Problem details
The data is to be repeated exactly, with the images removed.

Source material
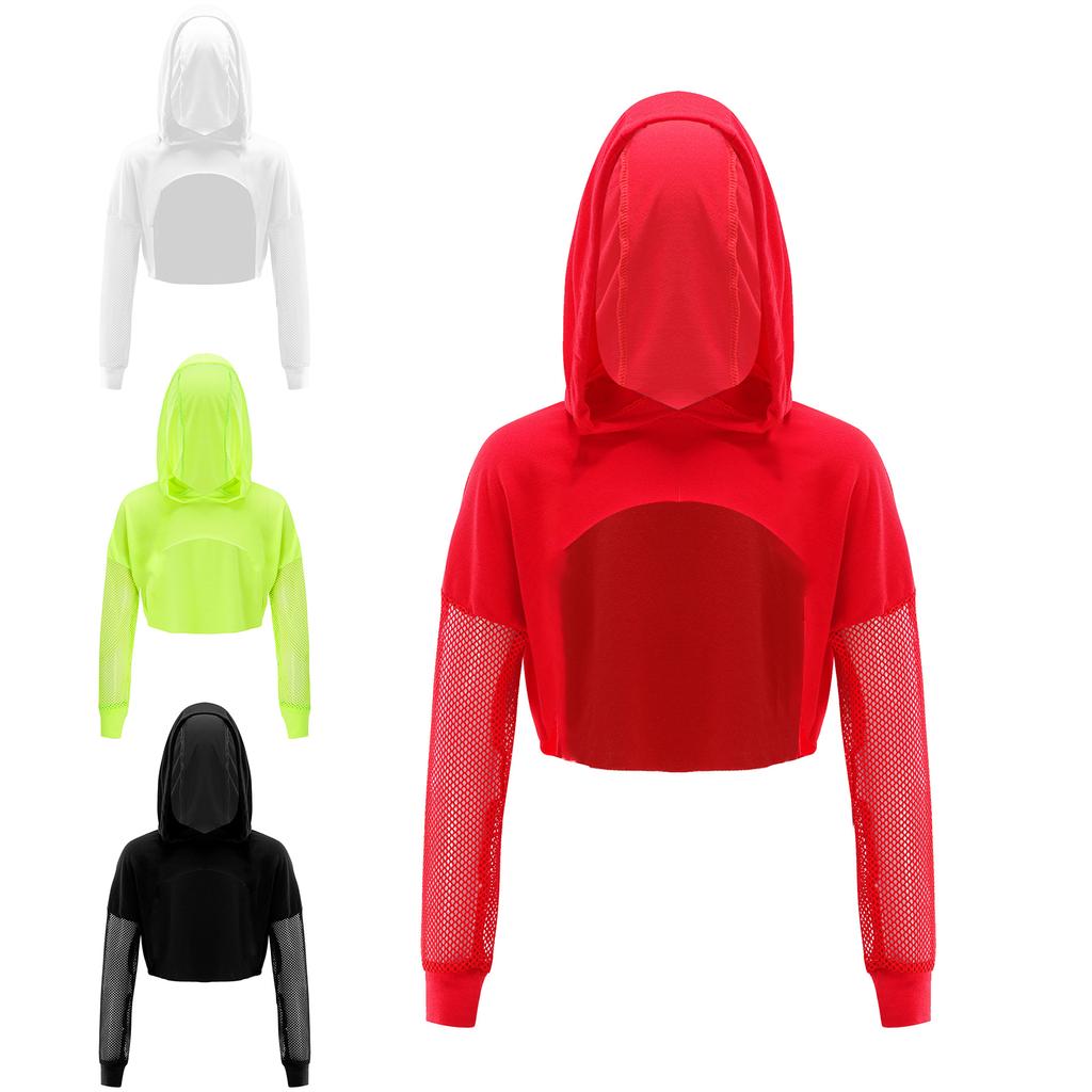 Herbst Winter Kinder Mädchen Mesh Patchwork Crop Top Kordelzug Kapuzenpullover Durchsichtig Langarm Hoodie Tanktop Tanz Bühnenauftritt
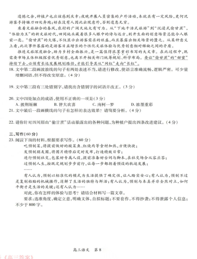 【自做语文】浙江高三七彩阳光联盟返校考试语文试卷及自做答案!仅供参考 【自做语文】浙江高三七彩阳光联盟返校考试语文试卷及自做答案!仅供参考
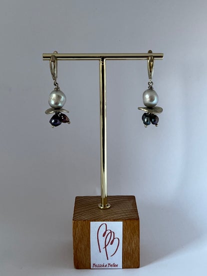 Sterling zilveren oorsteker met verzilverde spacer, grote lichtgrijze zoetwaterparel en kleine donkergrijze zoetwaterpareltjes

Written response
 Herbst Winter Kinder Mädchen Mesh Patchwork Crop Top Kordelzug Kapuzenpullover Durchsichtig Langarm Hoodie Tanktop Tanz Bühnenauftritt
 【自做语文】浙江高三七彩阳光联盟返校考试语文试卷及自做答案!仅供参考 【自做语文】浙江高三七彩阳光联盟返校考试语文试卷及自做答案!仅供参考
 Sterling zilveren oorsteker met verzilverde spacer, grote lichtgrijze zoetwaterparel en kleine donkergrijze zoetwaterpareltjes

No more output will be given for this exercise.